- _Work request_: An exact copy of all the data is needed, with every picture left out.

- _Provided material_:
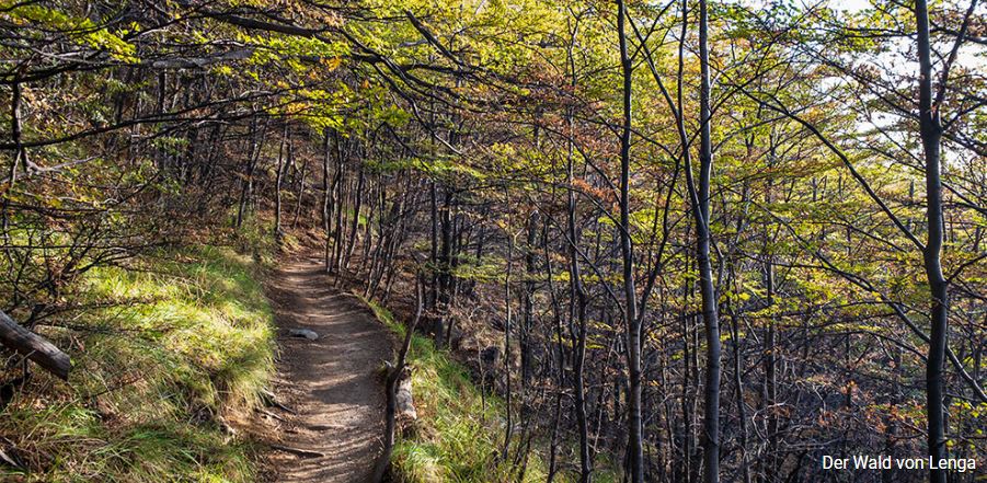 Zurück auf dem Aufstiegsweg steigen wir wieder abwärts zum Ausgangspunkt. Mit Glück sehen wir im Wald den prächtigen Magellanspecht, das Männchen zeigt einen leuchtend roten Kopf zum sonst schwarzen Gefieder.
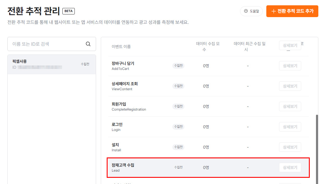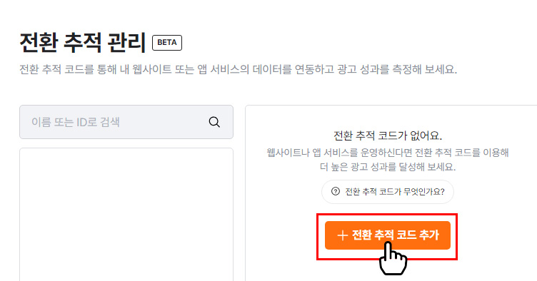 6. + 전환추적 코드 추가를 클릭하여 전환 추적 코드 생성 창을 오픈합니다.
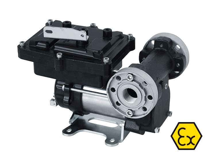 Пластинчата помпа, предназначена за работа във взривоопасна среда. Подходяща е за транспортиране на бензин, керосин и дизелово гориво. Помпата е в съответствие със следната маркировка ATEX/IECEx: II 2 G Ex d IIA T4 Gb.
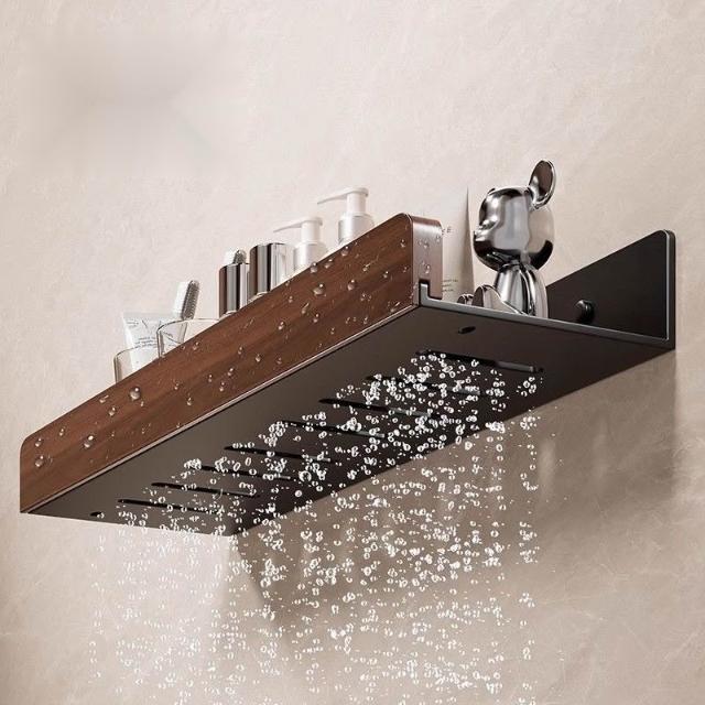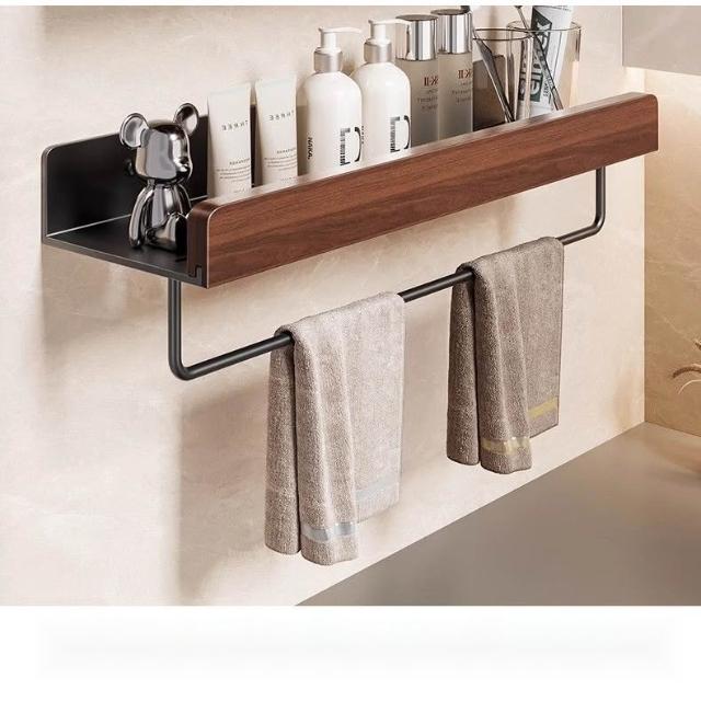 掛壁置物架 浴室免打孔衚桃木置物架 壁掛式洗漱用品收納架 多功能毛巾浴巾收納架

- _The completed task_:
 Zurück auf dem Aufstiegsweg steigen wir wieder abwärts zum Ausgangspunkt. Mit Glück sehen wir im Wald den prächtigen Magellanspecht, das Männchen zeigt einen leuchtend roten Kopf zum sonst schwarzen Gefieder.
 6. + 전환추적 코드 추가를 클릭하여 전환 추적 코드 생성 창을 오픈합니다.
 Пластинчата помпа, предназначена за работа във взривоопасна среда. Подходяща е за транспортиране на бензин, керосин и дизелово гориво. Помпата е в съответствие със следната маркировка ATEX/IECEx: II 2 G Ex d IIA T4 Gb.
 掛壁置物架 浴室免打孔衚桃木置物架 壁掛式洗漱用品收納架 多功能毛巾浴巾收納架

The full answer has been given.